Patrick Semansky, ASSOCIATED PRESS
Cardinal Timothy Dolan has called the church's U.S. bishops to repentance, saying they must renew themselves before they can effectively engage the world around them on issues important to the church.
His call for personal reform Monday came on the opening day of the United States Conference of Catholic Bishops' annual meeting in Baltimore and a week after an election where the church's hierarchy lost on same-sex marriage and several other fronts the church saw as violations of religious freedom.
But Dolan, president of the conference, didn't revisit the election year, during which the bishops aggressively spoke out against Obamacare's contraception mandate. Instead, he asked the bishops to renew themselves.
“The premier answer to the question ‘What’s wrong with the world?’ is not politics, the economy, secularism, sectarianism, globalization or global warming none of these, as significant as they are,” Dolan said, citing many of the issues that have become favorite targets of the hierarchy, according to Religion News Service.

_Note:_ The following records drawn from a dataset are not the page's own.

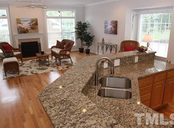 End unit townhome. Move-in ready. 2446 square feet. Open floor plan with gorgeous hardwoods & natural light. Kitchen with granite & integrated sink, pantry & breakfast bar. Family room with built-ins & gas fireplace. Formal dining room. Owner suite with cathedral ceiling, walk-in closet, tub/separate shower, granite. Third floor bonus or bedroom with 2 walk-in closets. Private, fenced patio.Walk to optional pool/tennis club. Miles of walking trails. Short stroll to Market Street shops & restaurants
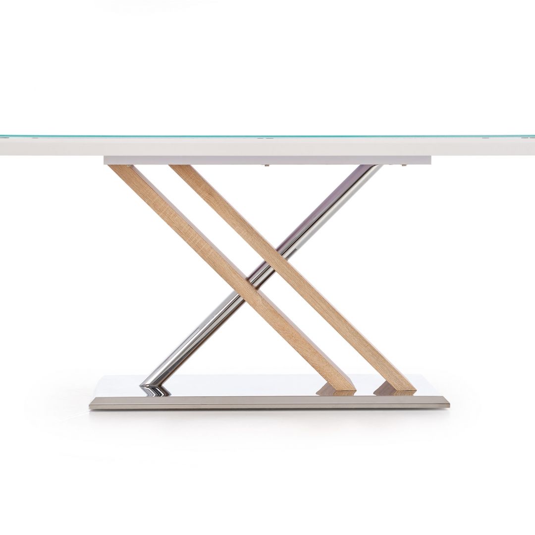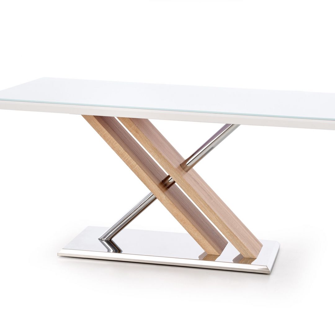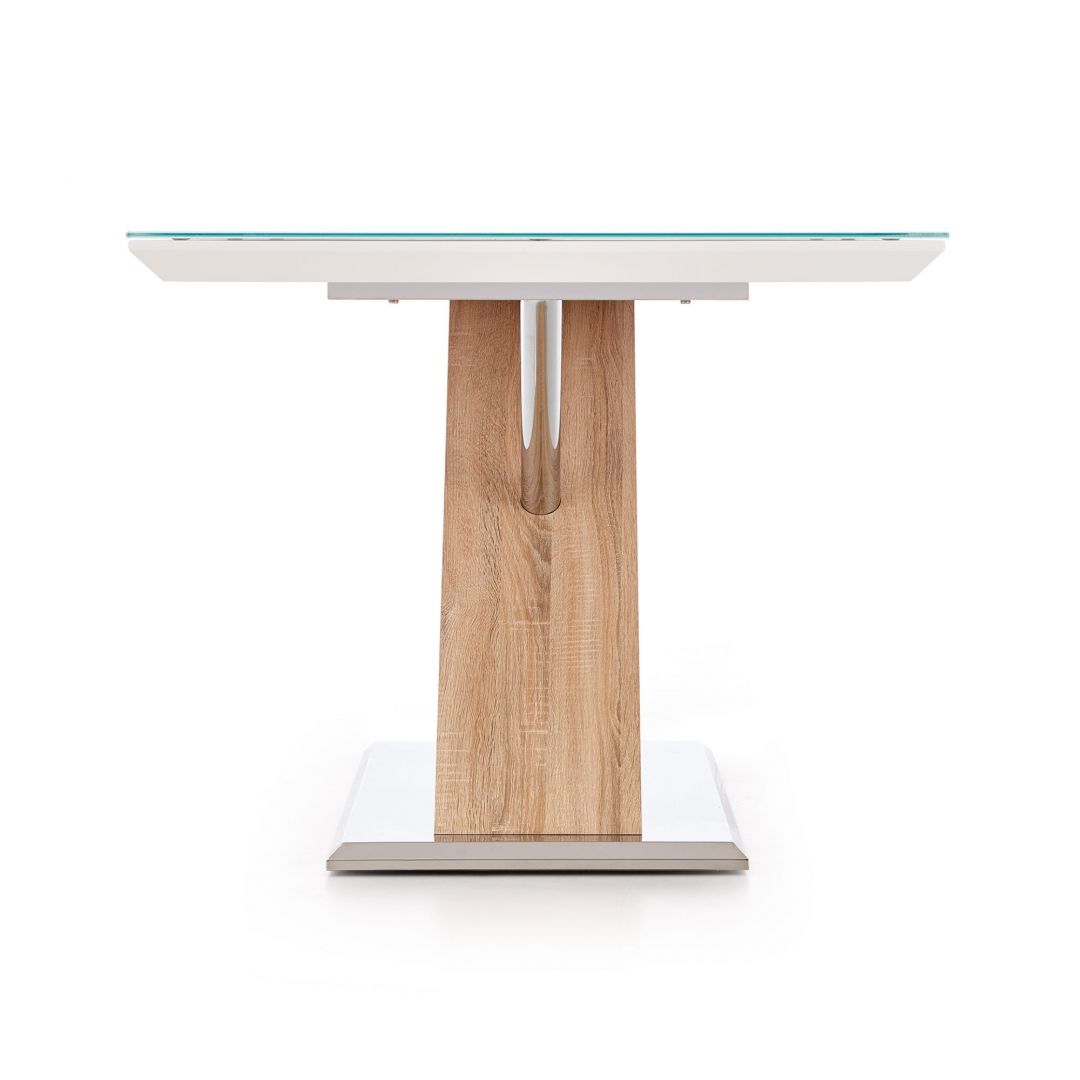 Jídelní stůl NEXUS - je moderní jídelní stůl na elegantní podnoži. Stůl je vyrobený z laminované MDF v dubu sonoma, chromované oceli, bílé lakované MDF a bílém skle.
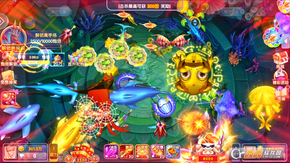 可以根据自己的需求选择不同的炮台,炮台等级越高,攻击力越强。升级炮台能提高捕获大鱼的概率,尤其是面对武侠BOSS时,高级炮台更有优势。BOSS从渔场边缘探出头时,是最好的捕获时机。
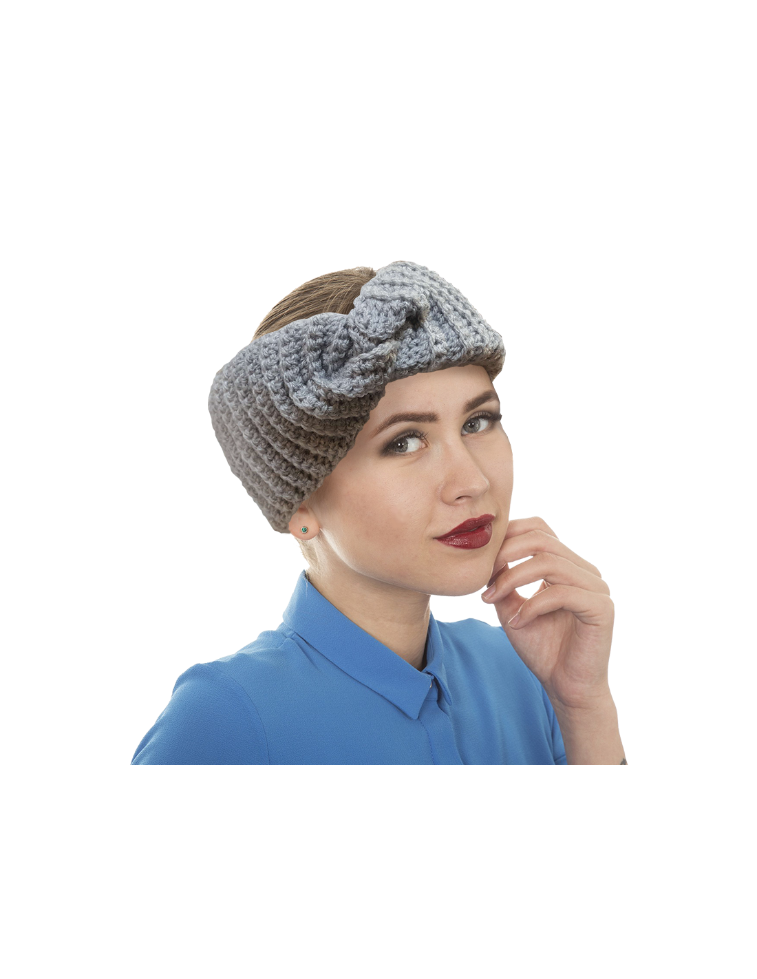 Gedrehtes Headband aus Wolle, handgehäkelt, hellgraue Farbe. Dieses Accessoire hält im Winter warm und ist gleichzeitig trendy - egal, welche Frisur Sie tragen!

Instead, Dolan said, quoting English writer and Catholic convert G.K. Chesterton, the answer is contained in two words: “I am.”
Much of Dolan's address focused on reviving the church's sacrament of penance, which he said has nearly disappeared since the Second Vatican Council called for its renewal 50 years ago.
"The work of our conference during the coming year includes reflections on re-embracing Friday as a particular day of penance, including the possible re-institution of abstinence on all Fridays of the year, not just during Lent. Our pastoral plan offers numerous resources for catechesis on the Sacrament of Penance, and the manifold graces that come to us from the frequent use of confession," Dolan said.
The archbishop of New York said he anticipates criticism of his remarks.
"I can hear it now: 'With all the controversies and urgent matters for the church, Dolan spoke of conversion of heart through the Sacrament of Penance. Can you believe it?'
"To which I reply, 'You better believe it!' First things first!"
Archbishop Carlo Maria Vigano, papal nuncio to the United States, echoed Cardinal Dolan's call for reconciliation, the Catholic News Service reported.
Noting that there have been some clergy who "out of weaknesses have brought great pain to others," Archbishop Vigano reminded the bishops, "We must continually undergo conversion ourselves so people have faith and confidence in us."
The RNS reported Dolan's remarks were "a striking change of tone from the assertive and even aggressive rhetoric that the hierarchy deployed during the campaign season."
The report cited activists after the election urging the church's hierarchy to change its tone and strategy moving forward.
"In light of Obama’s re-election, a change in tone and style would be both gracious and shrewd," stated an editorial in Commonweal, a liberal lay Catholic journal of opinion. "The bishops might even try modeling what a more civil political discourse should look like. As for the president, victory should bring magnanimity."
The bishops did review the results of the past elections, including three states that legalized same-sex marriage and another state where a ban on gay marriage was defeated.
Archbishop Salvatore Cordileone of San Francisco warned that if the Supreme Court takes up California's ban on same-sex marriage and rules it unconstitutional, it will do to marriage and family laws in the United States what Roe v. Wade did to bans on abortion 40 years earlier, according to the Pittsburgh Post-Gazette.
He said many Catholics don't grasp the church's understanding of the nature of marriage.
"Marriage is not a matter of two consenting adults simply coming together for the state to ratify their romantic relationship. Rather, marriage is the only institution that unites a man and a woman to each other and to any children born of their union. It's child-centered, and its meaning is written in our nature," Cordileone said.
Archbishop William Lori of Baltimore said the church will continue its legal battle with the government over the Afordable Care Act's contraception mandate.
"The political landscape is the same, but so is our resolve to eliminate the HHS mandate," he said.